# Puzzled how individuals who buy a soccer club can transfer the loans to the Club?



## dewdrop (24 Sep 2010)

This is not a sports question really.

I am puzzled how individuals who buy a soccer club can in some way transfer the loans they incurred to the club. 

I thought  a  company which owned a club could not borrow to give a loan to the purchasers.


----------



## ajapale (25 Sep 2010)

Hi Dewdrop,

this question has puzzled me also. Ive expanded your title - let me know if its ok.

I think it is something to do with the concept of a "Leveraged Buy Out". Leveraged buyout - Wikipedia.

aj


----------



## dewdrop (25 Sep 2010)

Thanks Ajapale. Title now much better. I worked for 45 years  in a financial institution in Ireland retired l0 years ago and during my working time never heard the word leverage applied to financial transactions. In recent years nearly every financial report includes this term.  Maybe it is one of the causes of ourproblems!


----------



## RMCF (26 Sep 2010)

You a Man Utd fan by any chance?

Or Liverpool !!


----------



## Statler (5 Oct 2010)

The acquisition of the club wll be undertaken by a limited liability company established specifically for the purpose. Individuals will provide equity and the company may also take on debt to finance the acquisition. Assuming your question relates to the UK the following link provides a short note on lenders taking security:
[broken link removed]
Cashflow from the club will be used to sevice debt.

There are other potential aspects to the structure, such as equity being provided via a holding company of the acquiring company to structurally subordinate the claims of equity-holder to those of lenders or a debt push-down for tax purposes, but the idea is essentially as above.


----------



## NorfBank (5 Oct 2010)

dewdrop said:


> Thanks Ajapale.

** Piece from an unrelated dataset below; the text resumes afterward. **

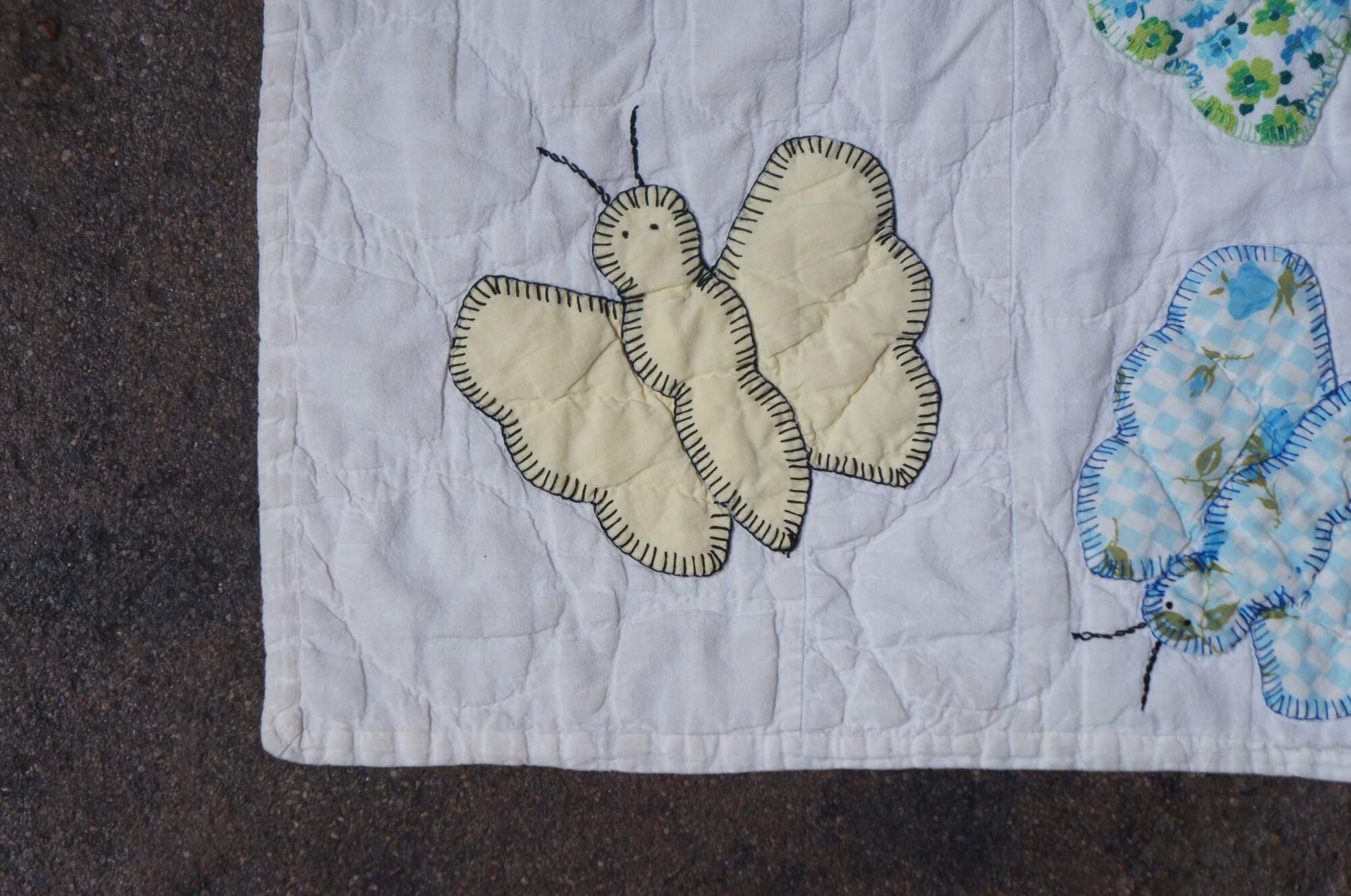 Vintage handmade folk art patchwork quilt in cotton with many colorful floral appliqued butterflies.

Title now much better. I worked for 45 years  in a financial institution in Ireland retired l0 years ago and during my working time never heard the word leverage applied to financial transactions. In recent years nearly every financial report includes this term.  Maybe it is one of the causes of ourproblems!



A mortgage is basically a leveraged purchase. Leverage is essentially the use of borrowed funds to complete a transaction so although the term may not have been used, leveraged transactions were taking place.


----------